## TASK DESCRIPTION
Retype all the records below exactly as they are, with no image carried over.

## DATASET EXTRACT

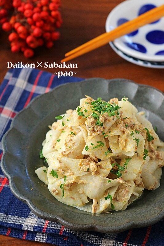 大根1/2本ペロリ♪鯖缶と大根のカレーサラダ♪
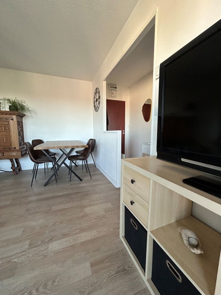 Situé dans une résidence au 5ème étage avec ascenseur, lumineux et soigneusement aménagé, il dispose d’un espace de vie agréable, d’une cuisine équipée avec lave-vaisselle, de deux chambres confortables : l'une avec 1 lit en 160 et la seconde avec 1 lit en 140; Rangements pratiques pour un séjour en toute sérénité. Une salle de bain avec douche, lave-linge et sèche linge. WC indépendants.
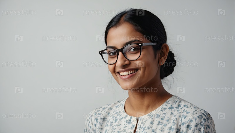 Южноазиатская школьница с очками, аккуратная косуля, цветовая рубашка, серая стена, мягкая улыбка
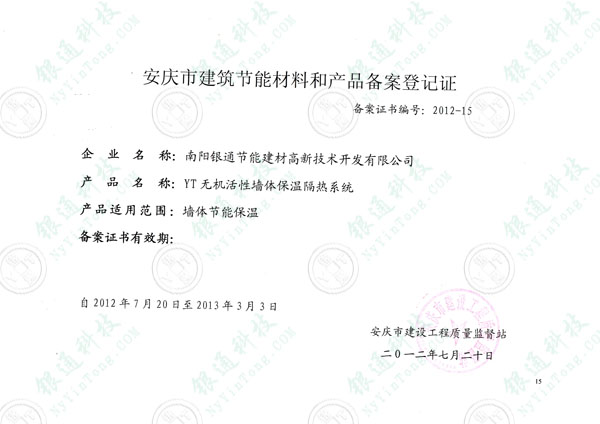 安慶市建筑節能材料和產品備案登記證 備案證書編號:2012-15 企業名稱:南陽銀通節能建材高新技術開發有限公司 產品名稱:YT無機活性墻體保溫隔熱系統 產品適用范圍:墻體節能保溫 備案證書有效期:自2012年7月20日至2013年3月3日 安慶市建設工程質量監督站 二〇一二年七月二十日
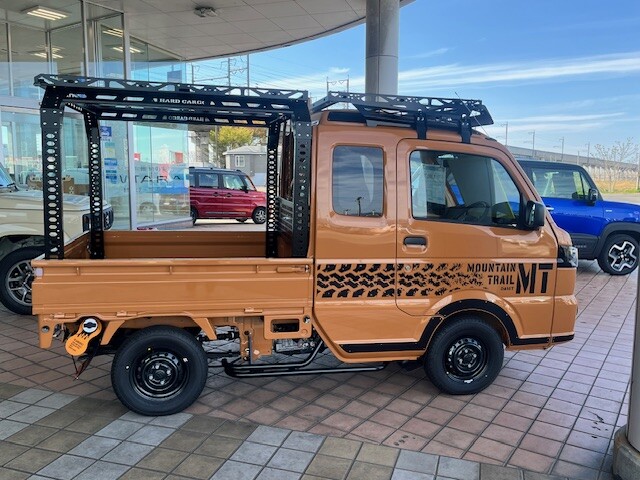 新車情報 2026.04.30 ★☆スーパーキャリイXリミテッド、ハードカーゴ仕様へドレスアップ☆★ みなさまこんにちは! いつも当店ブログをご覧いただき ありがとうございます スーパーキャリイ Xリミテッド ハードカーゴ仕様に ドレスアップしました! 細かい装備を 見ていきましょう! ベースキャリア ルーフラック キャリアラック ベースキャリア専用追加バー2本セット ↓↓↓ 左右と後ろはこんな感じです! ↓↓↓ キャリアユーティリティパネル ↓↓↓ ランニングパイプ ↓↓↓ ルーフネット ↓↓↓ マッドフラップ カラープロテクター ↓↓↓ フューエルキャップ フューエルフラップ ↓↓↓ 仕事も遊びも『本気仕様』 細部までこだわりの詰まった とっておきの1台を ぜひご覧くださいませ! みなさまのご来店 お待ちしております
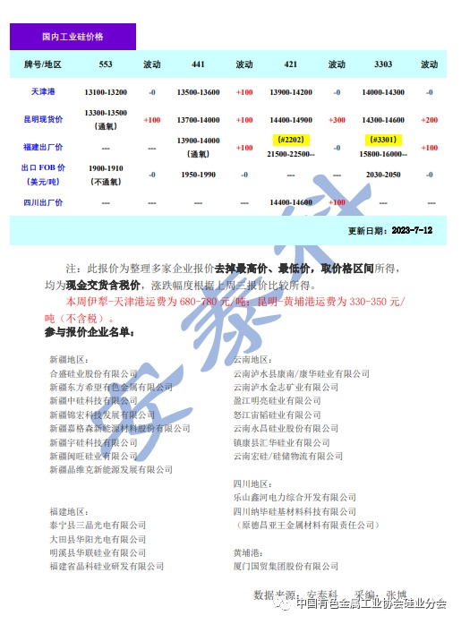 具体来看,丰水期西南地区厂家陆续复产开炉,但是四川地区受高温天气和大运会影响,部分企业被限产或推迟复产。截止本周,四川开炉40余台,远低于往年60余台。另外,北方地区前期检修停炉工厂仍未复工开炉生产,目前疆内仍有30余台炉子处于保温状态。同时,当下国内多数硅厂属于亏损状态,低价出货较少,挺价提价意愿强烈。市场在买涨不买跌的情绪带动下,下游询价采购活跃度有所提升,成交氛围偏好,市场价格上涨。
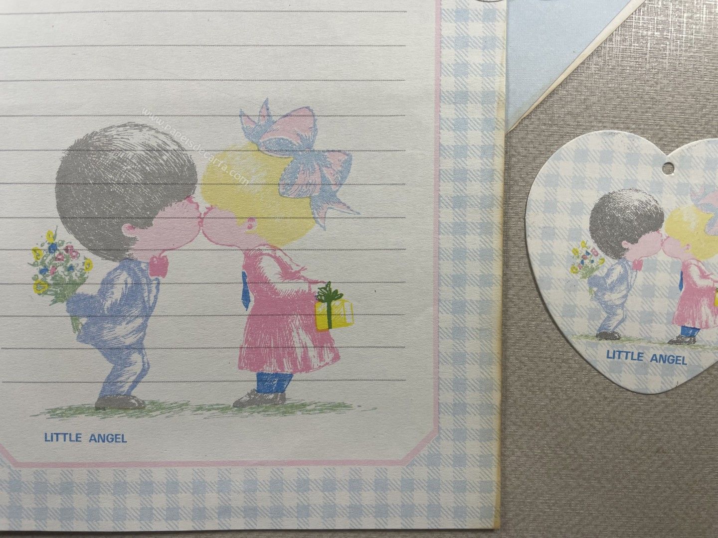 Conjunto de papel de carta antigo da coleção Little Angel, tamanho médio, com 1 folha, 1 envelope e 1 memo. ** A LATERAL DO PAPEL ESTÁ AMARELADINHA. VER FOTO. **

## WRITTEN REPLY
 大根1/2本ペロリ♪鯖缶と大根のカレーサラダ♪
 Situé dans une résidence au 5ème étage avec ascenseur, lumineux et soigneusement aménagé, il dispose d’un espace de vie agréable, d’une cuisine équipée avec lave-vaisselle, de deux chambres confortables : l'une avec 1 lit en 160 et la seconde avec 1 lit en 140; Rangements pratiques pour un séjour en toute sérénité. Une salle de bain avec douche, lave-linge et sèche linge. WC indépendants.
 Южноазиатская школьница с очками, аккуратная косуля, цветовая рубашка, серая стена, мягкая улыбка
 安慶市建筑節能材料和產品備案登記證 備案證書編號:2012-15 企業名稱:南陽銀通節能建材高新技術開發有限公司 產品名稱:YT無機活性墻體保溫隔熱系統 產品適用范圍:墻體節能保溫 備案證書有效期:自2012年7月20日至2013年3月3日 安慶市建設工程質量監督站 二〇一二年七月二十日
 新車情報 2026.04.30 ★☆スーパーキャリイXリミテッド、ハードカーゴ仕様へドレスアップ☆★ みなさまこんにちは! いつも当店ブログをご覧いただき ありがとうございます スーパーキャリイ Xリミテッド ハードカーゴ仕様に ドレスアップしました! 細かい装備を 見ていきましょう! ベースキャリア ルーフラック キャリアラック ベースキャリア専用追加バー2本セット ↓↓↓ 左右と後ろはこんな感じです! ↓↓↓ キャリアユーティリティパネル ↓↓↓ ランニングパイプ ↓↓↓ ルーフネット ↓↓↓ マッドフラップ カラープロテクター ↓↓↓ フューエルキャップ フューエルフラップ ↓↓↓ 仕事も遊びも『本気仕様』 細部までこだわりの詰まった とっておきの1台を ぜひご覧くださいませ! みなさまのご来店 お待ちしております
 具体来看,丰水期西南地区厂家陆续复产开炉,但是四川地区受高温天气和大运会影响,部分企业被限产或推迟复产。截止本周,四川开炉40余台,远低于往年60余台。另外,北方地区前期检修停炉工厂仍未复工开炉生产,目前疆内仍有30余台炉子处于保温状态。同时,当下国内多数硅厂属于亏损状态,低价出货较少,挺价提价意愿强烈。市场在买涨不买跌的情绪带动下,下游询价采购活跃度有所提升,成交氛围偏好,市场价格上涨。
 Conjunto de papel de carta antigo da coleção Little Angel, tamanho médio, com 1 folha, 1 envelope e 1 memo. ** A LATERAL DO PAPEL ESTÁ AMARELADINHA. VER FOTO. **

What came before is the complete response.